__RECORDED INFORMATION__.
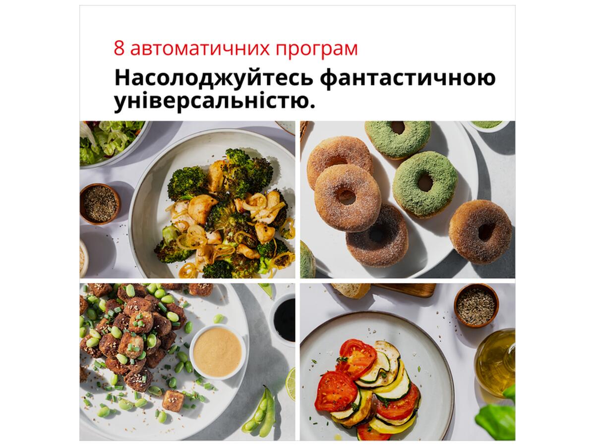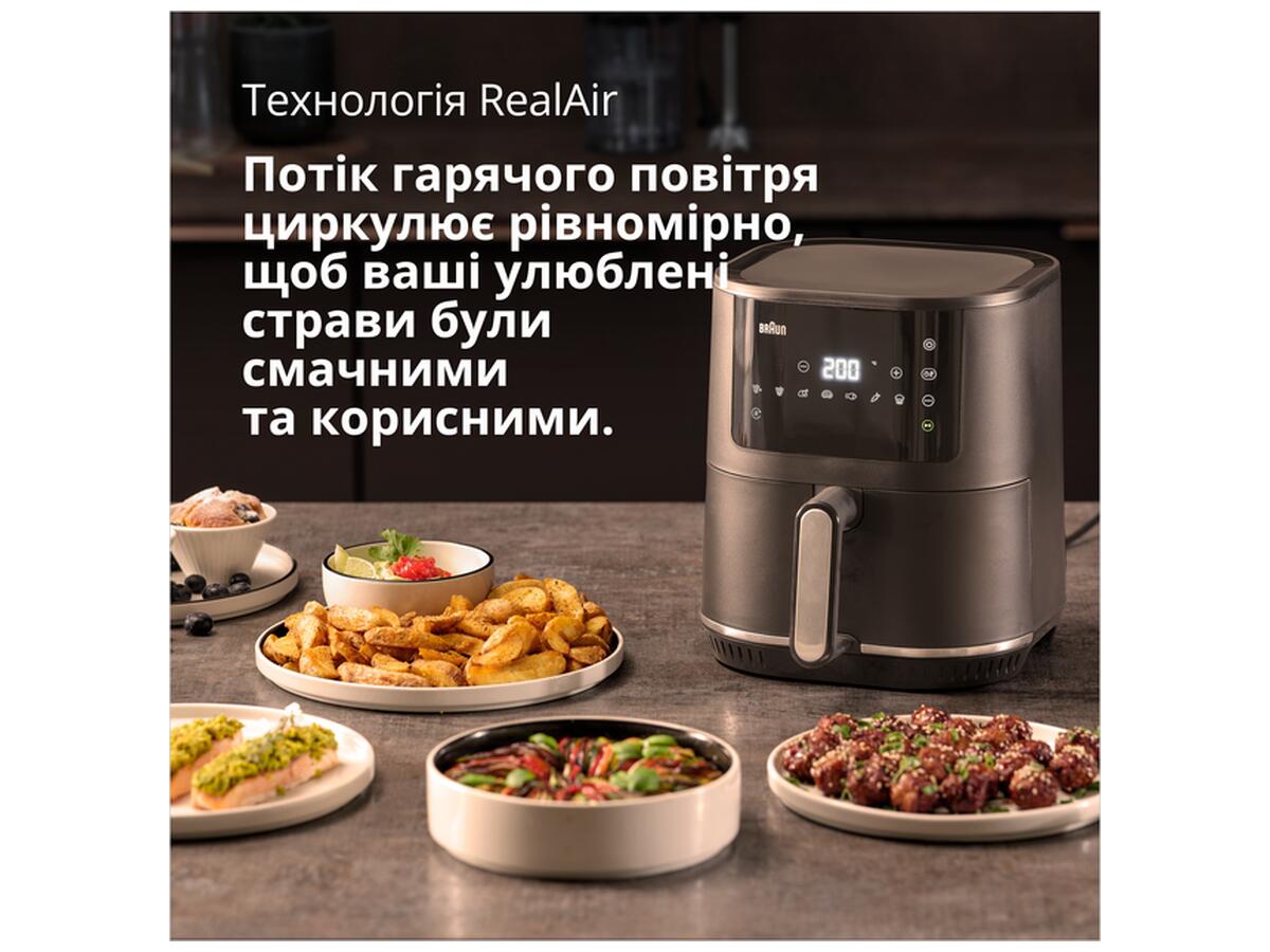 Благодаря инновационной технологии RealAir поток горячего воздуха циркулирует равномерно и позволяет готовить еду с минимальным количеством масла. Таким образом, вы можете наслаждаться едой более здоровым и вкусным способом.
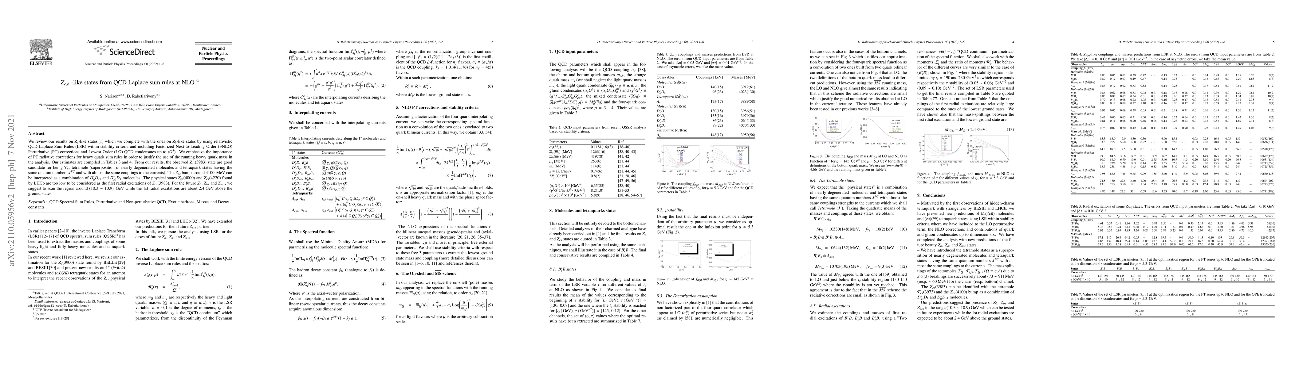 We review our results on $Z_{c}$-like states[1] which we complete with the ones on $Z_{b}$-like states by using relativistic QCD Laplace Sum Rules (LSR) within stability criteria and including Factorized Next-to-Leading Order (FNLO) Perturbative (PT) corrections and Lowest Order (LO) QCD condensates up to $\langle G^3 \rangle$. We emphasize the importance of PT radiative corrections for heavy quark sum rules in order to justify the use of the running heavy quark mass in the analysis. Our estimates are compiled in Tables 3 and 4. From our results, the observed $Z_{cs}(3983)$ state are good candidate for being ${\mathcal T}_{cs}$ tetramole (superposition of nearly degenerated molecules and tetraquark states having the same quatum numbers $J^{PC}$ and with almost the same couplings to the currents). The $Z_{cs}$ bump around 4100 MeV can be interpreted as a combination of $D^{*}_{0}D_{s1}$ and $D^{*}_{s0}D_{1}$ molecules. The physical states $Z_{cs}(4000)$ and $Z_{cs}(4220)$ found by LHCb are too low to be considered as the first radial excitations of $Z_{cs}(3983)$. For the future $Z_{b}$, $Z_{bs}$ and $Z_{bss}$, we suggest to scan the region around $(10.3 \sim 10.9)$ GeV while the 1st radial excitations are about 2.4 GeV above the ground states.
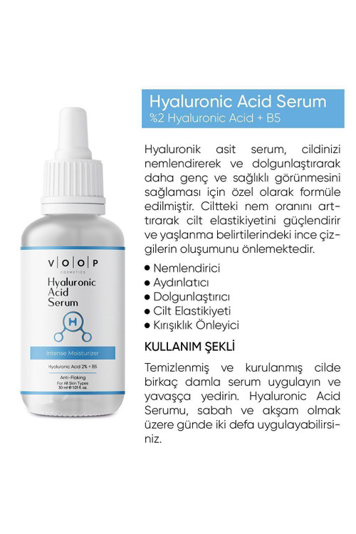اسم محصول ترکی استانبولی : Hyaluronik Asit Serum B5 30 ml | Yoğun Nemlendirici Cilt Bakım Serumu ترجمه اسم محصول به فارسی : سرم هیالورونیک اسید B5 30 میلی لیتر | سرم مراقبت از پوست مرطوب کننده شدید

__TASK ITEM__.
Print the full listing again exactly, and drop every image from it.

__ANSWER TO THE PROBLEM__.
 Благодаря инновационной технологии RealAir поток горячего воздуха циркулирует равномерно и позволяет готовить еду с минимальным количеством масла. Таким образом, вы можете наслаждаться едой более здоровым и вкусным способом.
 We review our results on $Z_{c}$-like states[1] which we complete with the ones on $Z_{b}$-like states by using relativistic QCD Laplace Sum Rules (LSR) within stability criteria and including Factorized Next-to-Leading Order (FNLO) Perturbative (PT) corrections and Lowest Order (LO) QCD condensates up to $\langle G^3 \rangle$. We emphasize the importance of PT radiative corrections for heavy quark sum rules in order to justify the use of the running heavy quark mass in the analysis. Our estimates are compiled in Tables 3 and 4. From our results, the observed $Z_{cs}(3983)$ state are good candidate for being ${\mathcal T}_{cs}$ tetramole (superposition of nearly degenerated molecules and tetraquark states having the same quatum numbers $J^{PC}$ and with almost the same couplings to the currents). The $Z_{cs}$ bump around 4100 MeV can be interpreted as a combination of $D^{*}_{0}D_{s1}$ and $D^{*}_{s0}D_{1}$ molecules. The physical states $Z_{cs}(4000)$ and $Z_{cs}(4220)$ found by LHCb are too low to be considered as the first radial excitations of $Z_{cs}(3983)$. For the future $Z_{b}$, $Z_{bs}$ and $Z_{bss}$, we suggest to scan the region around $(10.3 \sim 10.9)$ GeV while the 1st radial excitations are about 2.4 GeV above the ground states.
اسم محصول ترکی استانبولی : Hyaluronik Asit Serum B5 30 ml | Yoğun Nemlendirici Cilt Bakım Serumu ترجمه اسم محصول به فارسی : سرم هیالورونیک اسید B5 30 میلی لیتر | سرم مراقبت از پوست مرطوب کننده شدید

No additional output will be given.